Input data:

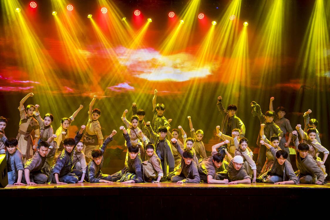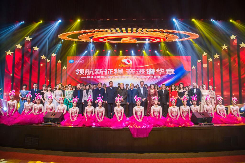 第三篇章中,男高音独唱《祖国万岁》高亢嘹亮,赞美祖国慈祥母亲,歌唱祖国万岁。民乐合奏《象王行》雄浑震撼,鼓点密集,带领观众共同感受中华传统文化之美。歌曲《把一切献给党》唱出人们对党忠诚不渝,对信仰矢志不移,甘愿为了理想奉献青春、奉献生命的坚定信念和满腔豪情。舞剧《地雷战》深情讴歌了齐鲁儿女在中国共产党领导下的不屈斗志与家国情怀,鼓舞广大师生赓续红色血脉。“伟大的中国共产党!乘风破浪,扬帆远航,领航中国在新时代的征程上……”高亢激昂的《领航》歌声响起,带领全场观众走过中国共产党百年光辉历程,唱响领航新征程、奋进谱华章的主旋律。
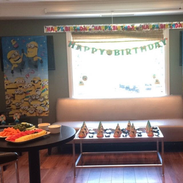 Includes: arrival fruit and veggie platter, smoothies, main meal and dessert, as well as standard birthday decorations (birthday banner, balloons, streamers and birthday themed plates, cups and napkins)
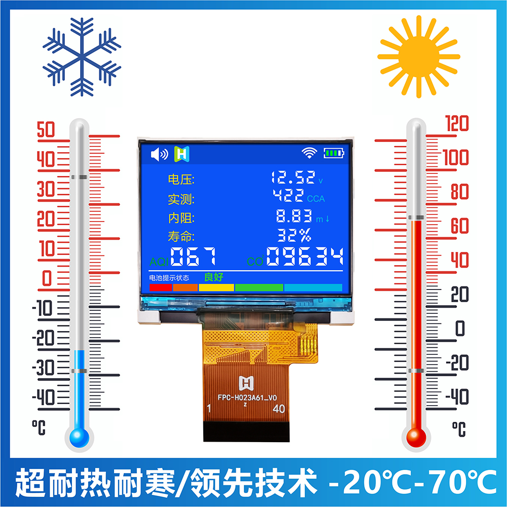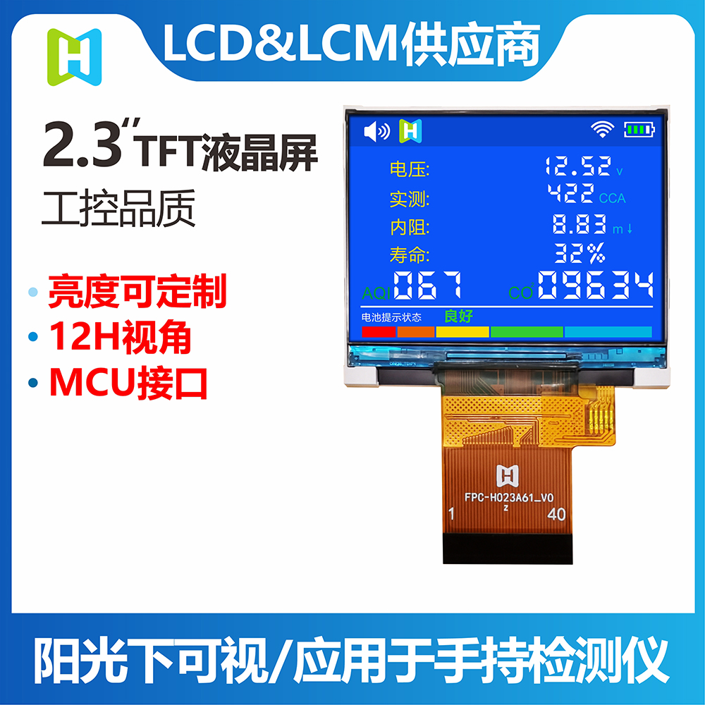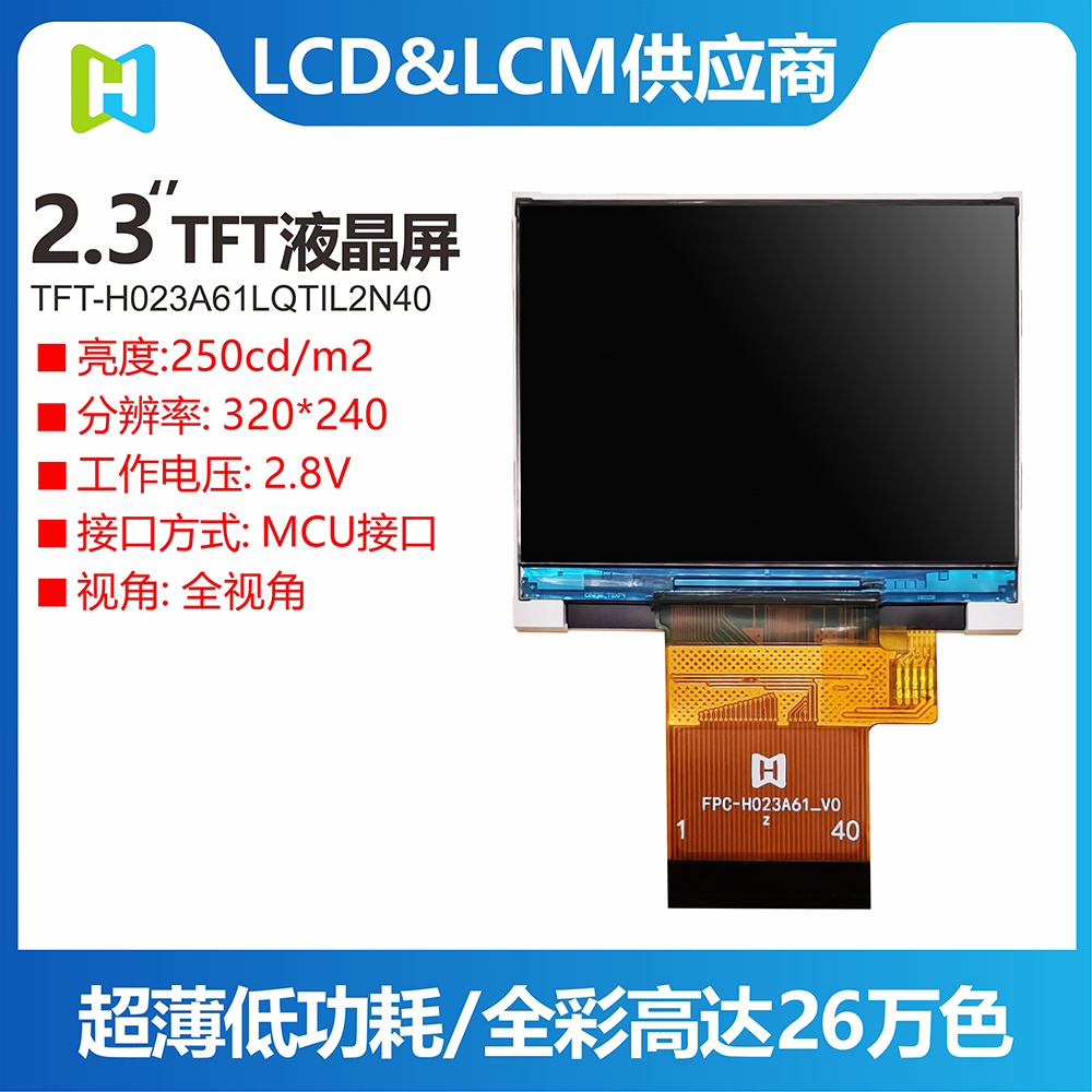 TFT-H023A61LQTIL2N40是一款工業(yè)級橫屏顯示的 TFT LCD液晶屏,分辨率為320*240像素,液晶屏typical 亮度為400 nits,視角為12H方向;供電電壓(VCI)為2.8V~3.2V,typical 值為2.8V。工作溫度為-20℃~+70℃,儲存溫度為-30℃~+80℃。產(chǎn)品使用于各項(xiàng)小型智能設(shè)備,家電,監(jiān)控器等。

Assignment:
Repeat the lines above exactly, and keep every picture out.

Answer section:
 第三篇章中,男高音独唱《祖国万岁》高亢嘹亮,赞美祖国慈祥母亲,歌唱祖国万岁。民乐合奏《象王行》雄浑震撼,鼓点密集,带领观众共同感受中华传统文化之美。歌曲《把一切献给党》唱出人们对党忠诚不渝,对信仰矢志不移,甘愿为了理想奉献青春、奉献生命的坚定信念和满腔豪情。舞剧《地雷战》深情讴歌了齐鲁儿女在中国共产党领导下的不屈斗志与家国情怀,鼓舞广大师生赓续红色血脉。“伟大的中国共产党!乘风破浪,扬帆远航,领航中国在新时代的征程上……”高亢激昂的《领航》歌声响起,带领全场观众走过中国共产党百年光辉历程,唱响领航新征程、奋进谱华章的主旋律。
 Includes: arrival fruit and veggie platter, smoothies, main meal and dessert, as well as standard birthday decorations (birthday banner, balloons, streamers and birthday themed plates, cups and napkins)
 TFT-H023A61LQTIL2N40是一款工業(yè)級橫屏顯示的 TFT LCD液晶屏,分辨率為320*240像素,液晶屏typical 亮度為400 nits,視角為12H方向;供電電壓(VCI)為2.8V~3.2V,typical 值為2.8V。工作溫度為-20℃~+70℃,儲存溫度為-30℃~+80℃。產(chǎn)品使用于各項(xiàng)小型智能設(shè)備,家電,監(jiān)控器等。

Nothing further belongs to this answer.